Passage A grows softer. Passage B, which is pianissimo, can function as the goal of passage A even if B does not follow A immediately. Suppose furthermore that A is also becoming more dense texturally. Then either passage B (soft and, let us assume, sparse) or some passage C (loud and dense) can serve as a goal of A. Passage A progresses in two directions at once, either of which may or may not lead immediately to a goal.(12) (46)

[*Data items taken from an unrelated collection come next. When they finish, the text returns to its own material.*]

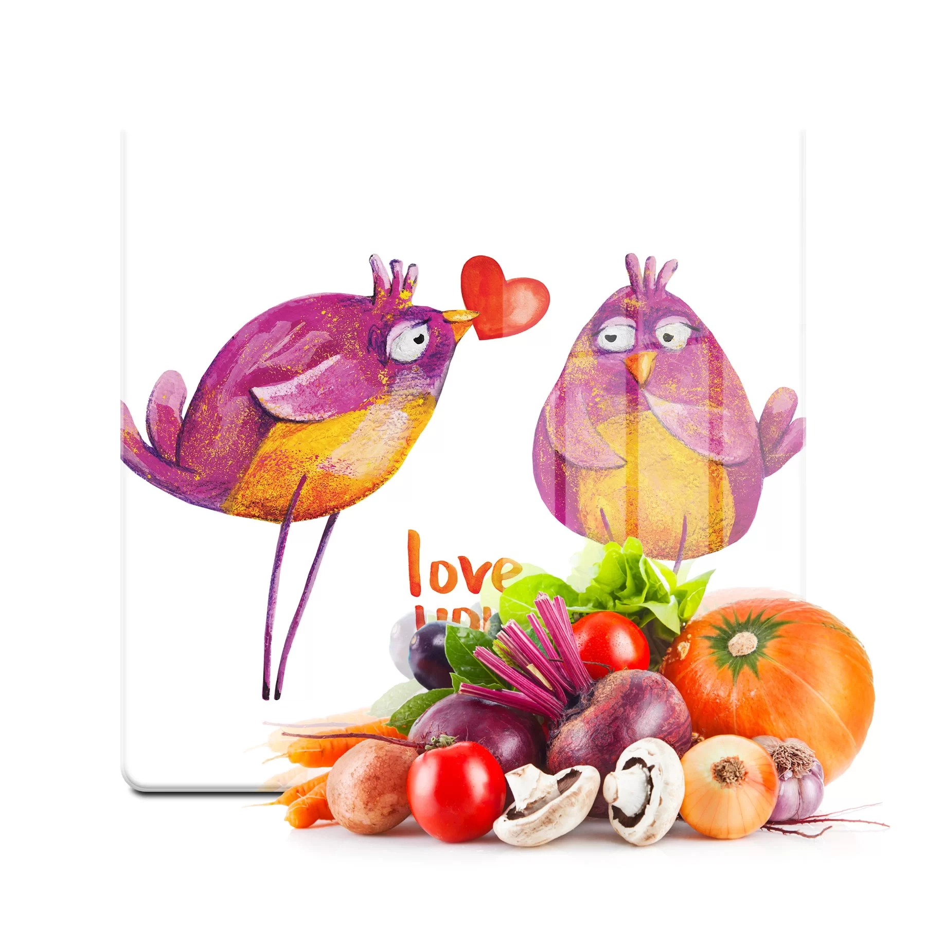 Decovetro Cam Kesme Tahtası ve Sunumluk Kare Love You Bird Desenli 30x30 Cm
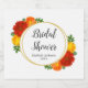 Vermelho de outono, laranja e flores douradas bordeando uma moldura circular dourada com eucalipto e folhagens botânicas para um evento de outono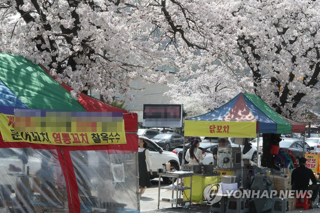 | ▲ 벚나무 아래 노점상 지난 1일 벚꽃이 흐드러지게 핀 충남 공주시 반포면 학봉리 동학사 입구 일대에서 노점상들이 영업하는 모습 [연합뉴스 자료사진] |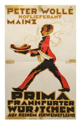 Eine Werbefigur „Eilender junger Mann“ trägt eine Platte mit dampfenden „Frankfurter Würstchen“. Darüber orthogonal dreizeilig die Schrift PETER WOLLÉ HOFLIEFERANT MAINZ Darunter steht ebenfalls orthogonal vierzeilig die Aufschrift "PRIMA FRANKFURTER WÜRSTCHEN AUS REINEM SCHWEINEFLEISCH". Das Plakat wurde 1928 gedruckt, ist auf der Rückseite vom Künstler Carl Ries handsigniert und mit der Nr. 13 bezeichnet. Gedruckt wurde es von der Mainzer Druckerei E. Herzog
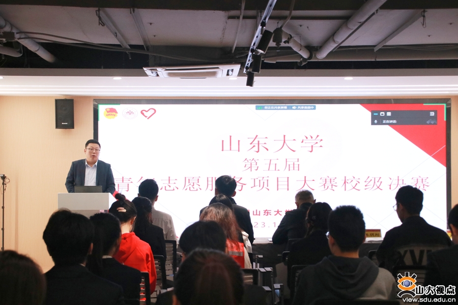 [本站讯]10月27日,“青春志愿行,奋进新时代”山东大学第五届青年志愿服务项目大赛决赛在中心校区举行。决赛邀请山东省志愿者行动指导中心副主任陈宝军,济南市志愿者行动指导中心副主任刘江,山东广播电视台青年及志愿服务工作组织领导小组副组长、团委书记马凯,山东省青年志愿者协会专业发展委员会秘书长卢济南到会评审。山东大学团委书记姜炳刚参加并致辞。

[4.6] In the fully notated works that Kramer is discussing, engagement with the multiplicity of possible directions is primarily analytical and interpretive. The passages can be heard in different ways by a listener, musician, or theorist, and the performer can, to varying extents, choose to emphasize one process over another. In an open form work, however, it is morphological: the conductor can literally rearrange the form of the composition so as to emphasize or frustrate various trajectories, and even generate new ones through placement and shaping. One might therefore imagine that the most successful open form works would be composed with a surfeit of latent trajectories for the conductor to draw upon. Although Kramer (1981, 547–48) entertains this possibility in passing (attributing the idea to Stockhausen), he seems to have found the available examples unconvincing, as will be discussed below.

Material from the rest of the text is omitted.